In the listing below, find the line holding "CRUCERO TOUR’S ubicada" and the line holding "In Equatorial Guinea, the". Write out those two lines and all lines between, exactly, and nothing more.

STORED DATA:

● ● ●

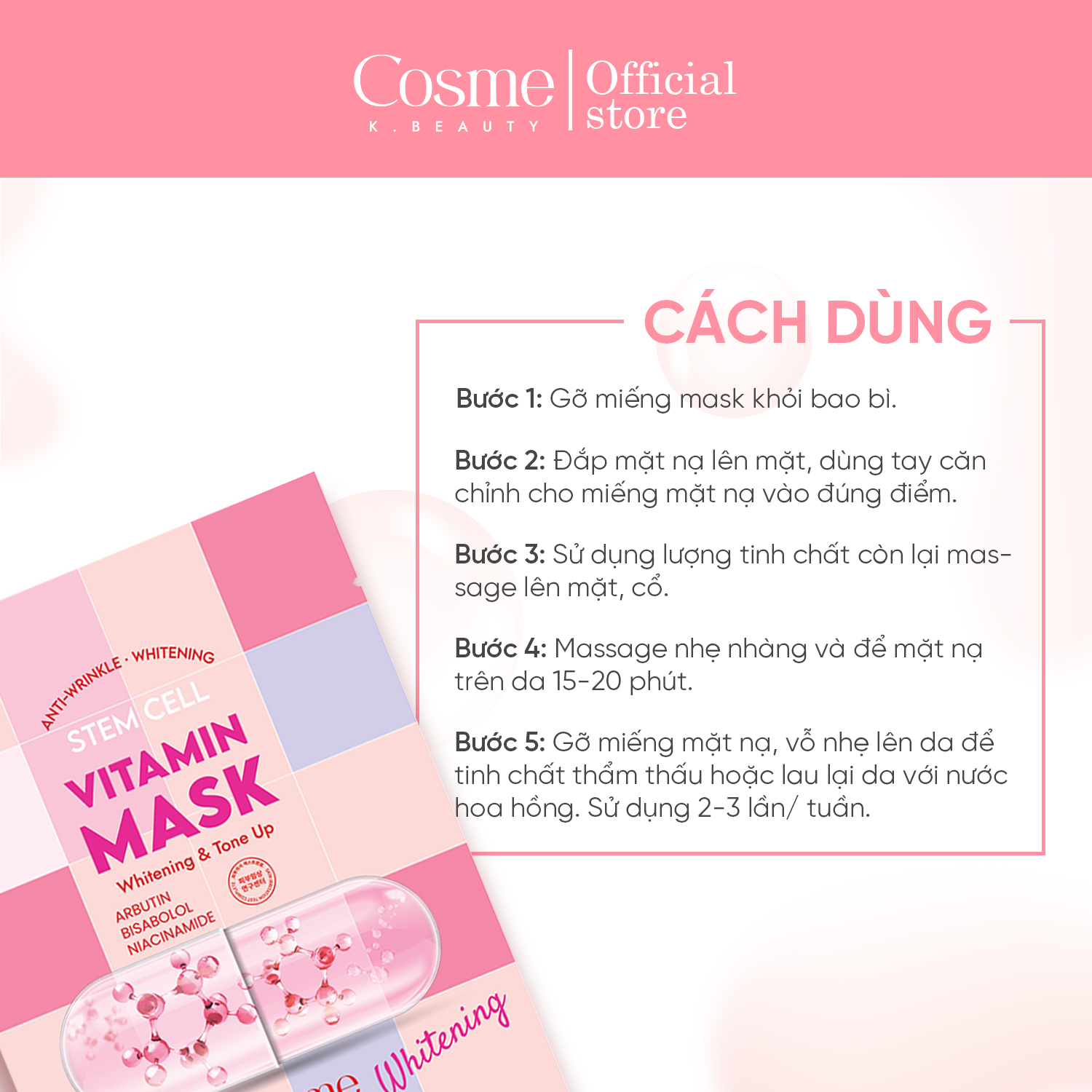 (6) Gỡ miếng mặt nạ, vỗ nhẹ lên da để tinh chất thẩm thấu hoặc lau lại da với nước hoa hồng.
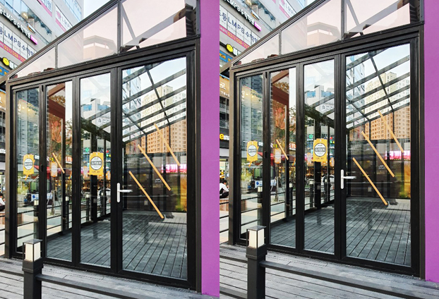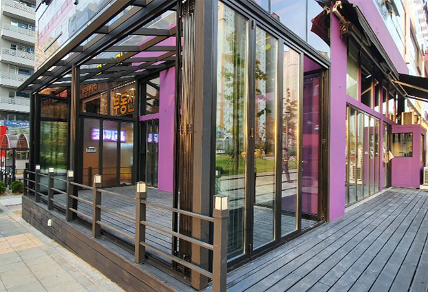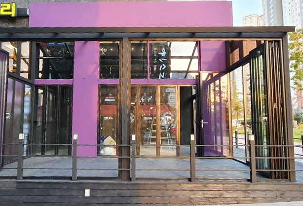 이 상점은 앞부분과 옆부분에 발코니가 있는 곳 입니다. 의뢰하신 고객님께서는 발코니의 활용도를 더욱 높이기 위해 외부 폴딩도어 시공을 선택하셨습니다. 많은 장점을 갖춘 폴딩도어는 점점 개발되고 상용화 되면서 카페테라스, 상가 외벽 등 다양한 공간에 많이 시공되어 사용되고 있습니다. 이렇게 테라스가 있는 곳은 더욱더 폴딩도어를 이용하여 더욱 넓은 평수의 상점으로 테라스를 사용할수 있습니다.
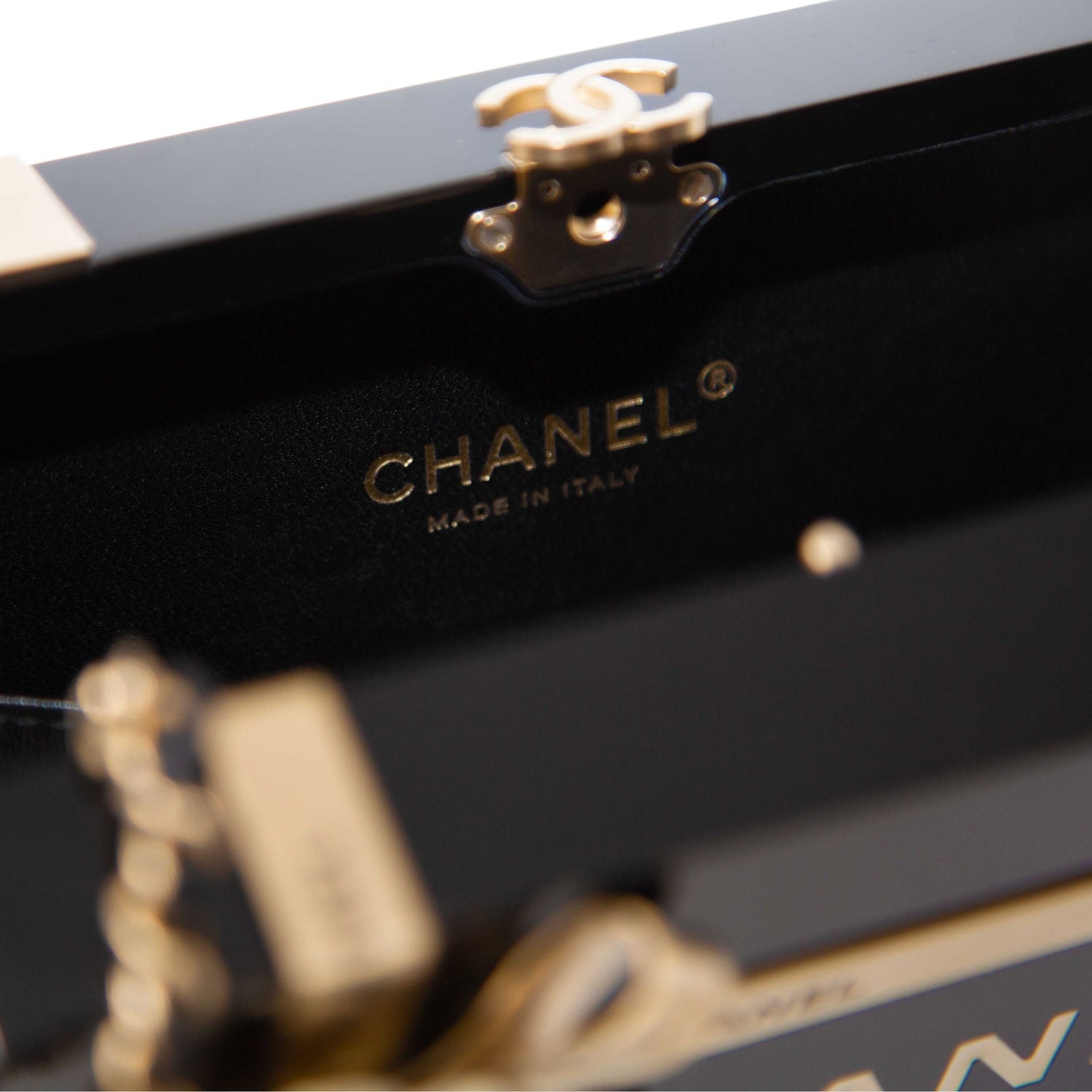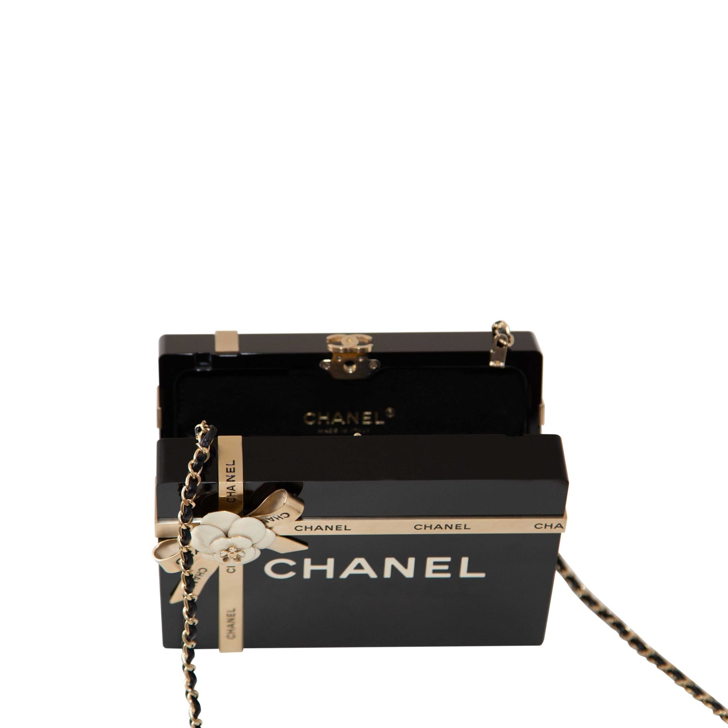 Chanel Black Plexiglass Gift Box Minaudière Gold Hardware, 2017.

● ● ●

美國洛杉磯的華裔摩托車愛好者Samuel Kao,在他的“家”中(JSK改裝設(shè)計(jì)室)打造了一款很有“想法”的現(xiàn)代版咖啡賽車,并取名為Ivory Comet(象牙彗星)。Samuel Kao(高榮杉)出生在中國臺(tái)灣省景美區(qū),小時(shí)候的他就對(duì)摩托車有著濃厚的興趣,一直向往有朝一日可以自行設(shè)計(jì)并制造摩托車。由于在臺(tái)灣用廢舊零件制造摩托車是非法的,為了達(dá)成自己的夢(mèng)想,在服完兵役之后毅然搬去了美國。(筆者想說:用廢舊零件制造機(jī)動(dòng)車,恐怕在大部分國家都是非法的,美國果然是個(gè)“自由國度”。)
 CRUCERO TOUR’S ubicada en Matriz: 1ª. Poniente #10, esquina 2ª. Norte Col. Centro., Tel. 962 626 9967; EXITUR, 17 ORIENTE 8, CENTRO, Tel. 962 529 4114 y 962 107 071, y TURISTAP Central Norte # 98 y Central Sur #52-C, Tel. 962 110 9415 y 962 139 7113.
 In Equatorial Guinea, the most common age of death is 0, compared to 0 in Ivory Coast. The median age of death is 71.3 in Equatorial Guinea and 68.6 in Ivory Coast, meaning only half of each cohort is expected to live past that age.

● ● ●

RESULT FOR THIS EXERCISE:
 CRUCERO TOUR’S ubicada en Matriz: 1ª. Poniente #10, esquina 2ª. Norte Col. Centro., Tel. 962 626 9967; EXITUR, 17 ORIENTE 8, CENTRO, Tel. 962 529 4114 y 962 107 071, y TURISTAP Central Norte # 98 y Central Sur #52-C, Tel. 962 110 9415 y 962 139 7113.
 In Equatorial Guinea, the most common age of death is 0, compared to 0 in Ivory Coast. The median age of death is 71.3 in Equatorial Guinea and 68.6 in Ivory Coast, meaning only half of each cohort is expected to live past that age.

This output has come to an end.